# I made whipped Shea butter



## danielle22033 (Jan 24, 2015)

I don't have The exact recipe with me right now, however it was around 3 ounces of Shea butter 2 ounces of coconut oil half an ounce of cocoa butter and I think 2 ounces of olive oil.  It had a wonderful fluffy texture and I love the way it melted in my hands.  However it didn't feel very good it was very greasy and it didn't make my hands feel moisturized.  Do all whipped butter's feel this way? and what can I do to make this better? also where did I go wrong?


----------



## shunt2011 (Jan 24, 2015)

Anything with just oils and butters will be greasy.  You can cut it a but by using arrowroot powder or baking soda.  I personally use isopropyl myristate to help with the greasiness.   I you just don't like the combo you can try other oils as well.  Avocado and fractionated coconut oil are really nice too.  My whipped butters feel great on my skin.


----------



## Obsidian (Jan 24, 2015)

Yep, its going to greasy.
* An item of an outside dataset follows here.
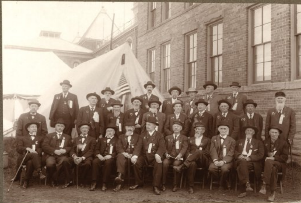
MEMBERS Association 7th Illinois Infantry Volunteers in Attendance at Reunion.

HELD AT SPRINGFIELD, ILL., OCTOBER 3-4, 1911

I've used arrowroot powder to help cut the greasy down some. Body butter has no moisture (water) in it so it won't actually moisturize already dry skin. I've found its best to use right after a shower, that way it helps trap the water in your skin. You can also use a lotion first then the butter.


----------



## snappyllama (Jan 24, 2015)

I use tapioca starch to give a more powdery feel.


----------



## lsg (Jan 24, 2015)

You might check out this blog:

http://swiftcraftymonkey.blogspot.com/search?q=greasy+body+butter


----------